Özet:
Âşık edebiyatı şiir sanatında ana ahenk unsuru “ayak”tır. Âşık edebiyatında “ayak” o kadar önemlidir ki, ancak kendisine verilen “ayak”la, doğaçlama (irticalen) şiir söyleyebilen sanatçılara “âşık” adı verilir. Çünkü ancak “formüllü bir şiir dili” geliştiren, ayak kullanımında ustalaşan profesyonel âşıklar her konuda doğaçlama şiirler söyleyebilmektedir.
Âşık tarzı şiirlerin çekirdeğini oluşturduğu bilinen “ayak”, ilk hanenin genellikle ikinci dizesinde ve diğer hanelerin dördüncü dizelerinde bulunur. Âşık tarzı şiirlerin genellikle ilk iki dizesine “ayak beyiti”, ilk hanenin ikinci dizesi ile bütün hanelerin dördüncü dizelerine de “ayak dizesi” adı verilir. Bu dizeler ya aynen tekrarlanarak, ya da aralarında bulunan “kafiye+redif” birliği ile şiirde ses ve anlam birliği de sağlar.
Âşık edebiyatında ayak ile ilgili zengin bir terim dağarcığı bulunmaktadır: Ayak açma, ayak alma, ayak arama, ayak beyti, ayak değiştirme, ayak düşürme, ayak hazırlama, ayak ikileme, ayak isteme, ayak kurma, ayak söyleme, ayaktan çıkma, ayak tekrar etme, ayak tüketme, ayak uydurma, ayak verme… vd. gibi. Özelliklerine göre ham ayak, işlenmiş ayak, yeni ayak, sorulu ayak, sorulu cevaplı ayak, cinaslı ayak, lebdeğmez ayak, tek ayak, döner ayak, yenileme ayak, yineleme ayak, düz ayak, dönderme ayak, geniş ayak, işlek ayak, dar ayak, zor ayak, kapanık ayak gibi terimler de yine ayak ile ilgilidir.

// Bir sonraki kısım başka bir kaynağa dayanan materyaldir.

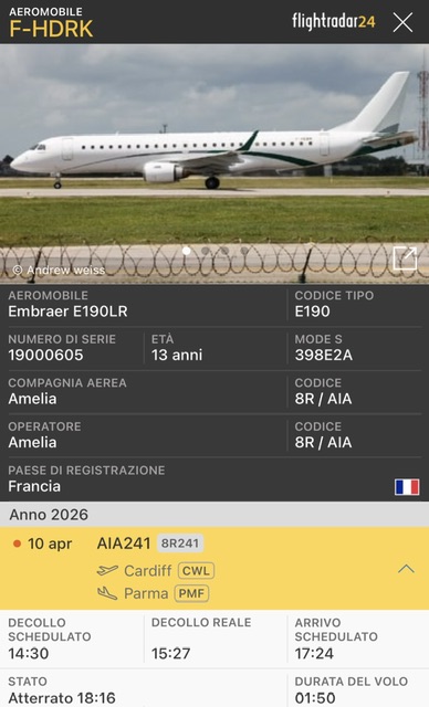 Ieri da Cardiff e’ giunto un Embraer E190 F-HDRK della compagnia aerea francese Amelia. A Cardiff era arrivato vuoto da Parigi Le Bourget.

Bildiride, Türkiye sahası âşık edebiyatında kullanılan ayak terimlerinin ortaya çıkarılması, belirlenen bu terimlerin işlevleri bakımından tasnif edilmesi, karşılaşılan sorunların belirlenmesi ve terim karışıklıklarına önerilerde bulunulması amaçlanmaktadır.